И Путилин, вынув полотенце, вышитое шелком, развернул его перед удивленным купцом.

-- Нет-с... Понятия не имею о сем предмете.

-- Кто в вашем доме может заниматься рукоделием? Ваша супруга, конечно, нет?

-- Нет-с. А девушка у нее есть. Глаша, та, кажись, затейница по этой части.

-- Кто эта девушка, господин Охромеев?

-- Сиротка одна. Супруга моя -- женщина сердобольная, приютила ее, она у нас пятый год живет... Лицом хоть не вышла, а девушка умная.

-- Поведения она безупречного? Баловством не занимается?..

Замоскворецкий воротила даже руками развел.

-- Слыхать -- ничего не слыхал, а поручиться -- как могу? Ноне, ваше превосходительство, народ баловаться начал. Примерно сказать, за дочь свою -- и то не ответишь по совести. А все же, в чем дело-то именно у вас до меня?

Путилин, помолчав, вдруг встал и пожал руку толстосуму.

-- Вот что, молчать вы умеете?

-- Умею-с, когда требуется. Какие же мы были бы купцы, ежели языком звонили?..

-- Верно. Ну, так вот что я вам скажу: у меня мелькнуло подозрение, что ограбление ризы иконы могло произойти в вашем доме.

-- Что-с?! -- даже отшатнулся от Путилина Охромеев. Нет слов описать его изумление, граничащее со страхом, ужасом.

-- К... как-с? Что-с? В моем доме... в моем доме ограбили икону?! Да вы как это, примерно: шутите, аль взаправду говорите?

-- Боюсь, что правду, хотя поручиться тоже не могу, -- твердо произнес благороднейший сыщик.

Лицо купца-суконника стало страшно. Оно побагровело, жилы напружились на лбу.

-- Что ж это такое?.. Такое поношение... такая поганая мерзость на мой дом... Да я к митрополиту пойду! Да я все власти на ноги поставлю! Да как же это вы так мой дом грабительским называете?

Охромеев хватался за косой ворот рубашки, словно его душило.

-- Успокойтесь, голубчик. Придите в себя и слушайте меня внимательно. Я пришел к вам не как враг, а как друг, чтобы избавить ваш дом от гласного позора. Вы -- не при чем, кто же в этом может сомневаться? Но вы сами сказали, что за других ручаться нельзя. А, что, если эта самая девица-сиротка устроила эту штуку?

-- Кто? Она? Эта девчонка -- Глашка?!

-- Именно, если она? Вот мне и необходимо тайком, без шуму и огласки понаблюдать, разнюхать, проследить. Я предлагаю вам следующее: я останусь у вас в доме на некоторое время. Вы представите меня вашей супруге, как своего старинного друга-приятеля, купца.
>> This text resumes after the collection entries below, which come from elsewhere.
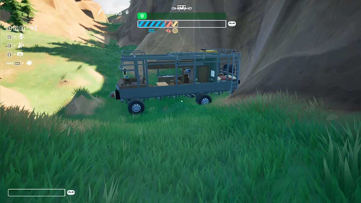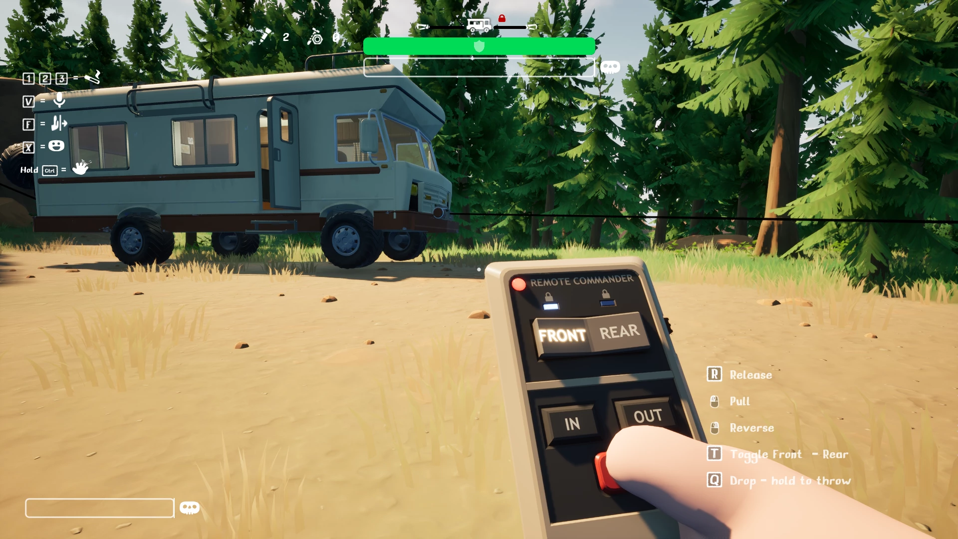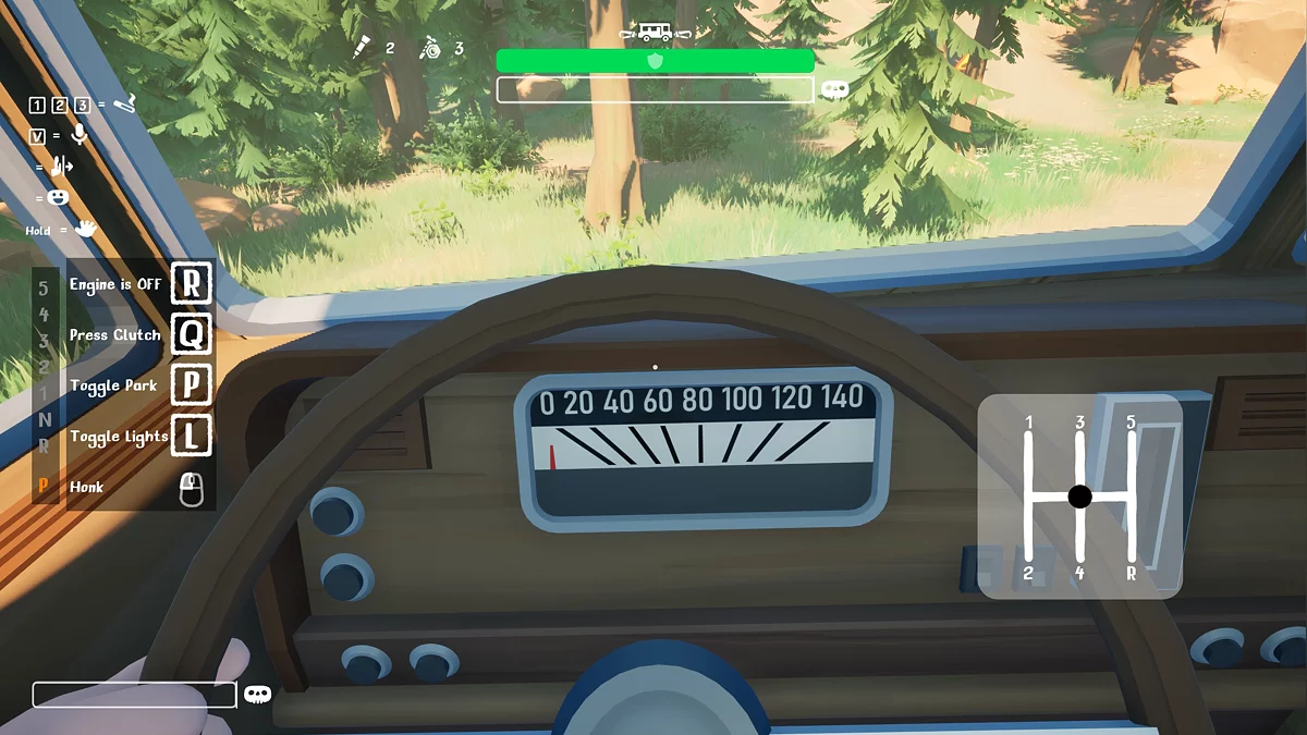 - R — вмикає і вимикає двигун. У грі немає бензину, але шум двигуна буде приваблювати місцевих тварин, тому глушіть мотор, якщо відходите від машини далеко;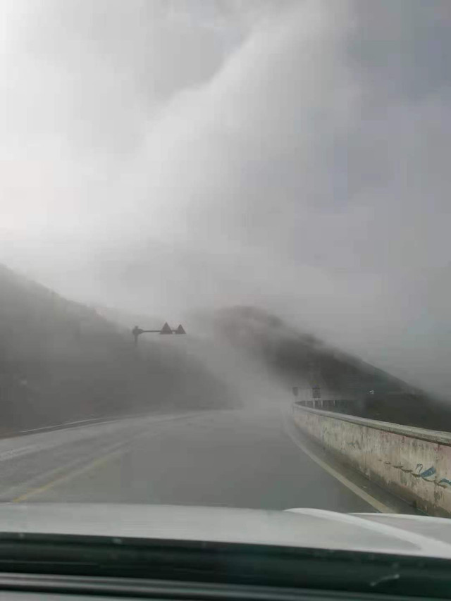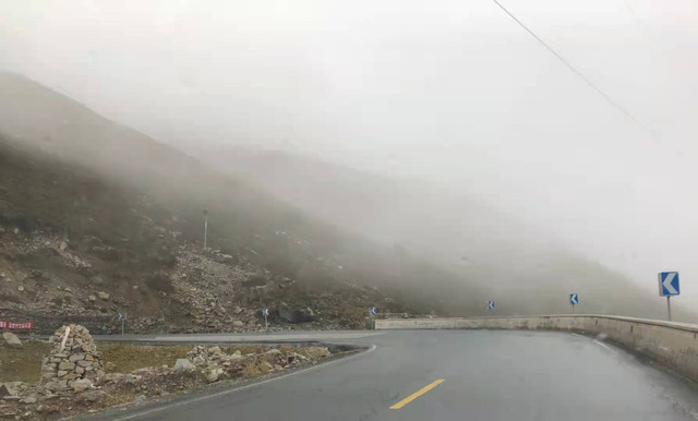 穿过 康定 ,第一个要过的就是有名的折多山,折多山气候多变,经常会遇到雨雾天,我们和上次一样,到这里的时候已是雨雾缭绕了,温度也从 重庆 的32度直降到了3度,山路依旧弯弯折折,海拔也随之急速上升,折多山的最高海拔将近4800-4900米,大家也可以在这里先行过渡适应下(我们到这里还来不及换冬装^^)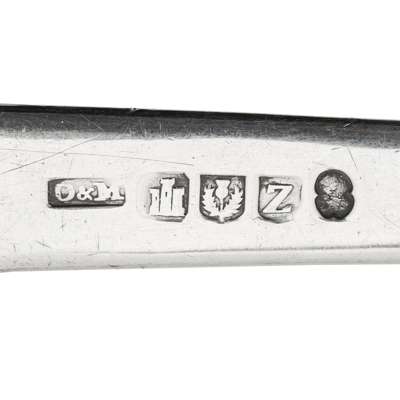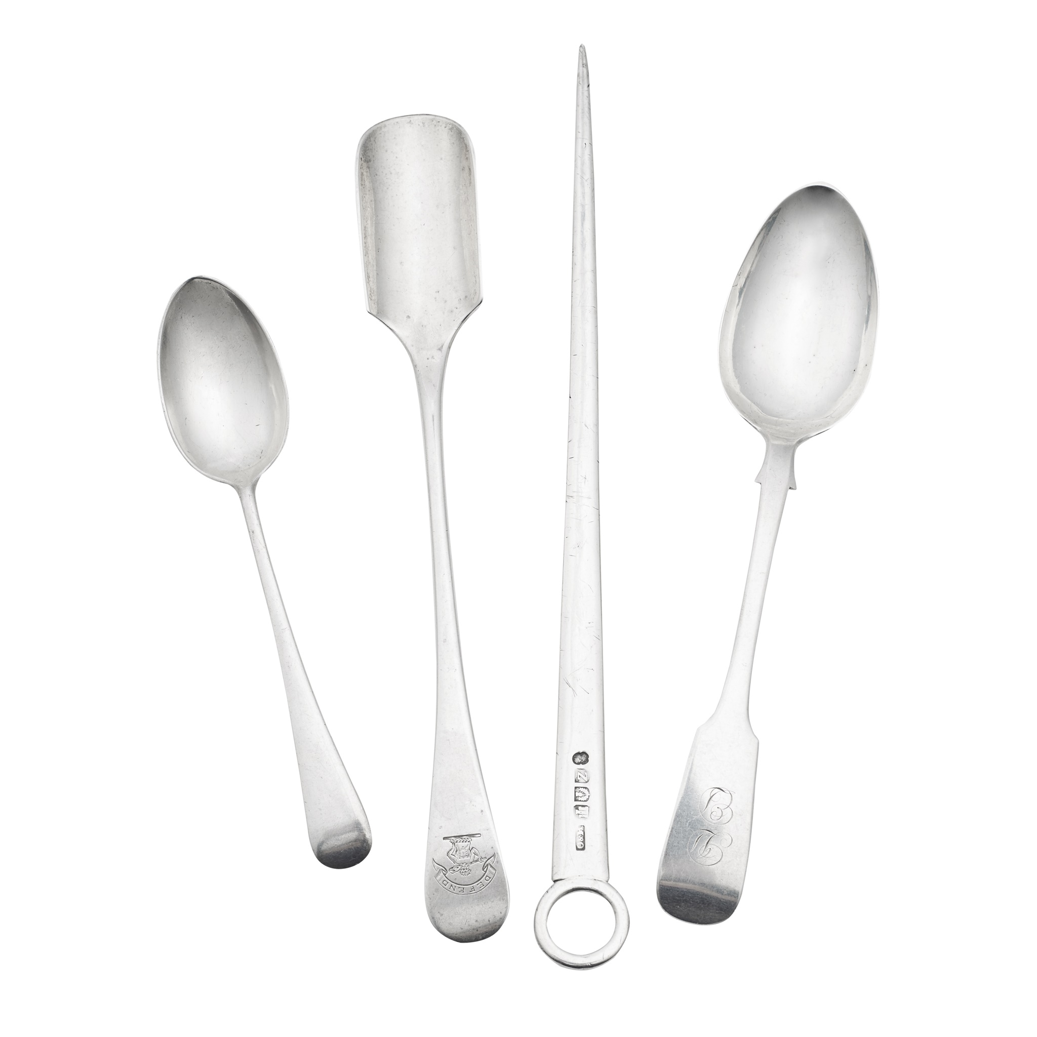 Edinburgh 1845, of Fiddle pattern, italic D/E to terminal; together with a meat skewer Edinburgh 1831; a cheese scoop, Edinburgh 1882; together with a sugar sifter, Sheffield and a set of four teaspoons, Chester 1898 (qty)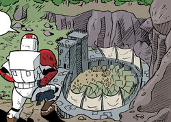 The fortified camp, overseen by Jedi General Traavis, was built in a grassy valley that was bordered on three sides by cliffs. The camp's inhabitants included clone troopers, numerous citizens of Garqi, and several mammalian species.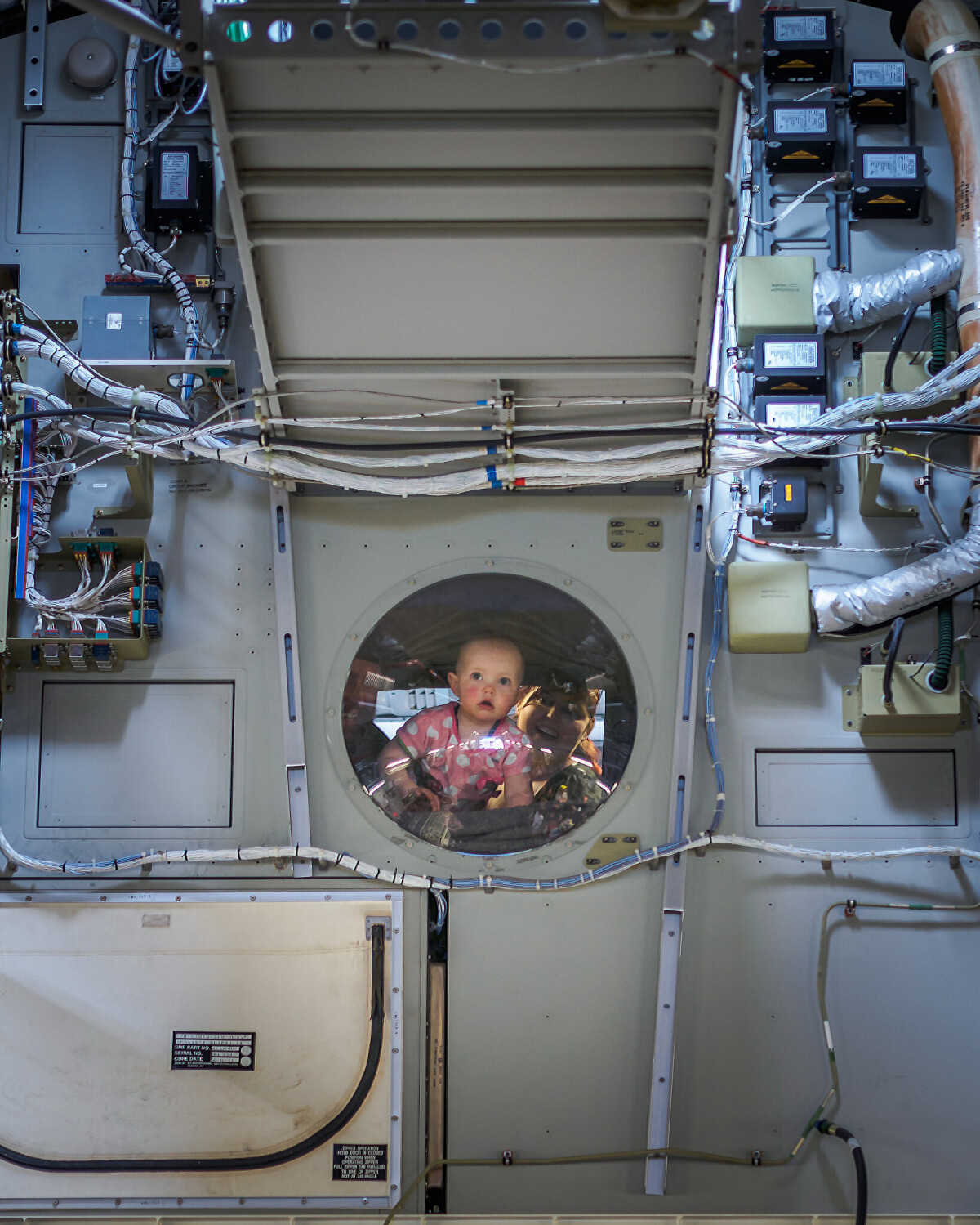 An infant looks out through an observation window over the cargo bay inside a C-17 Globemaster III at the United States Antarctic Programme Open Day at Christchurch Airport.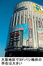 なかでも、梅田地区にそびえたつ「ヨドバシカメラマルチメディア梅田」の影響は大きい。同店は、売り場面積が約2万平方メートルという規模に加え、一大ターミナル駅のJR大阪駅前という好立地条件。顧客は、神戸や京都からでも乗り換えなしで訪れることが可能。「帰宅途中にちょっと寄ってみる」こともできる。駐車場は、ヨドバシカメラ自体で1000台収容できるスペースを確保しており、ほかにも駅周辺に数多くの有料駐車場がある。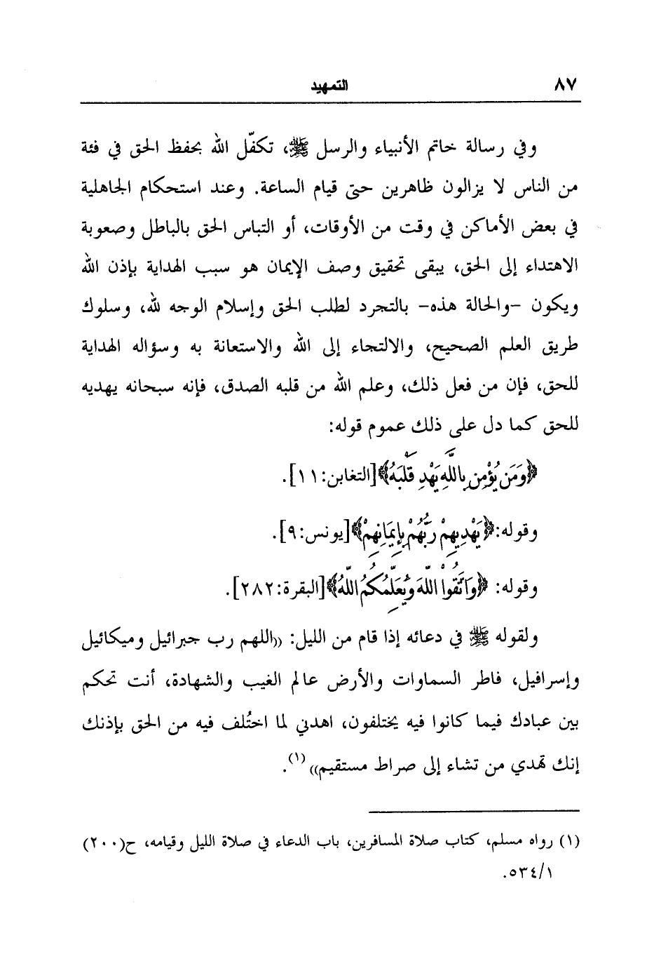 ولقوله صلى الله عليه وسلم في دعائه إذا قام من الليل: " اللهم رب جبرائيل وميكائيل وإسرافيل، فاطر السماوات والأرض عالم الغيب والشهادة، أنت تحكم بين عبادك فيما كانوا فيه يختلفون، اهدني لما اختُلف فيه من الحق بإذنك إنك تهدي من تشاء إلى صراط مستقيم " 1.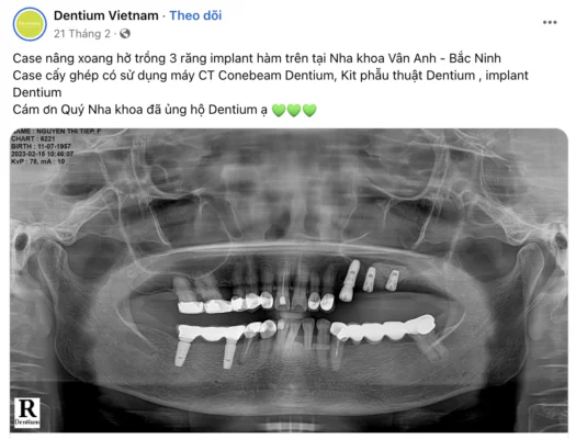 Nha khoa Vân Anh cam kết sử dụng loại trụ đạt chuẩn chất lượng, trong đó có hãng Dentium – Hãng implant nổi tiếng của Hàn Quốc chia sẻ lại: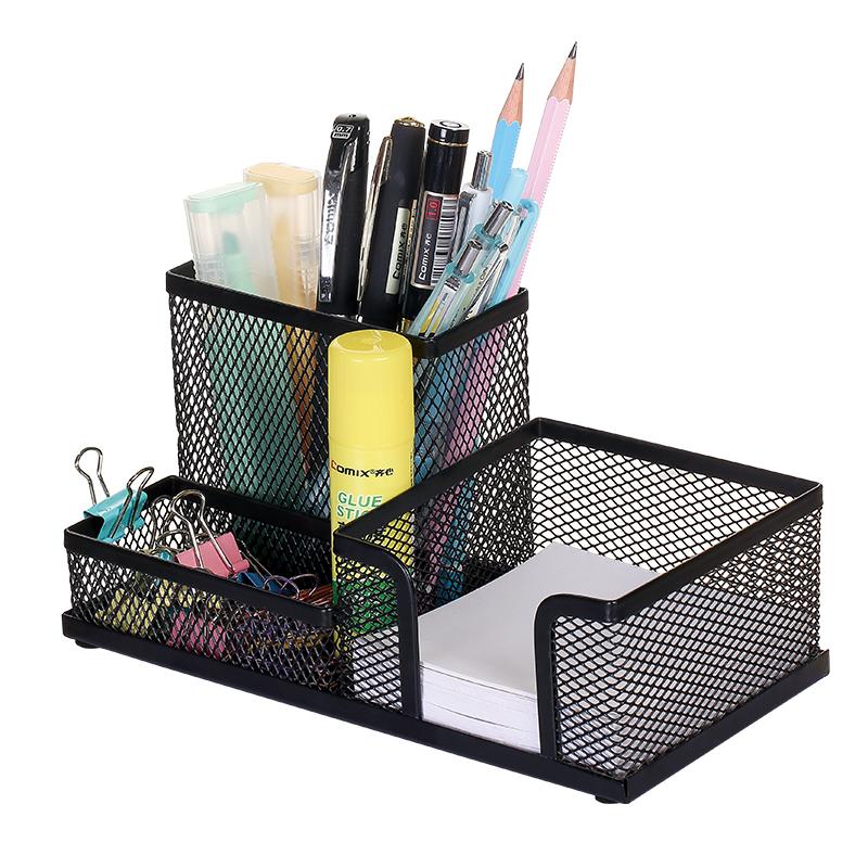 > 齐心 B2061 耐用铁网多功能笔座 205*105*100mm 黑色 单位:个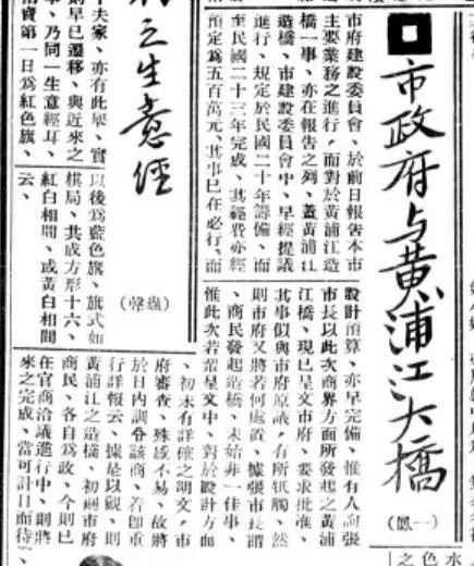 1930年代初关于筹建黄浦江大桥的报道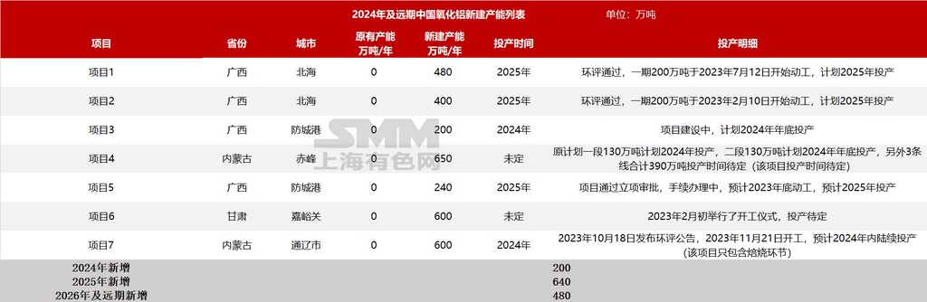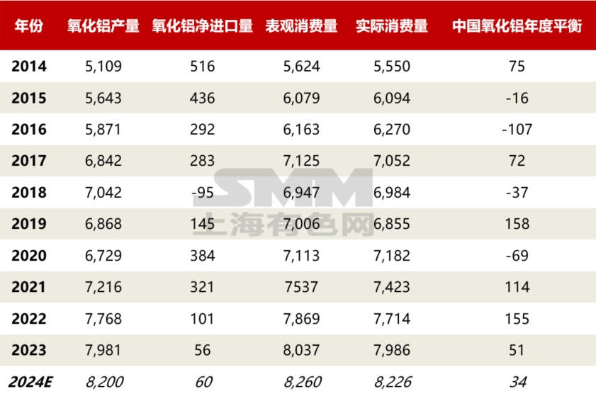 据SMM数据+span style="color: rgb(192, 0, 0);">2023年全年国内电解铝累计产量?151.3万吨,同比增?.6%。纵?024年全年来看,SMM预计云南此次复产落地之后,运行产能或逐步增加,加之内蒙古华云三期新增投产、贵州安顺铝业的复产+span style="color: rgb(192, 0, 0);">SMM预计2024年全年产量或同比增长2.9%?273万吨左右,按生产一吨电解铝消?.925吨氧化铝的单耗计算,2024年国内氧化铝实际需求量将达8225.5万吨、/p>

Долго я вас не утружу своим присутствием, будьте покойны. Если я ошибся, тем лучше для вашего дома; если я окажусь прав, то это тоже будет лучше, чем если бы я начал действовать строго официально. Будет гораздо меньше шуму, огласки. Ну-с, вы согласны?

-- Что ж... спасибо вам, коли так... Вижу, человек вы чувствительный, с сердцем... Ах, шутте возьми, вот не было печали.

У купца даже руки дрожали, и на этот раз -- не от перепоя.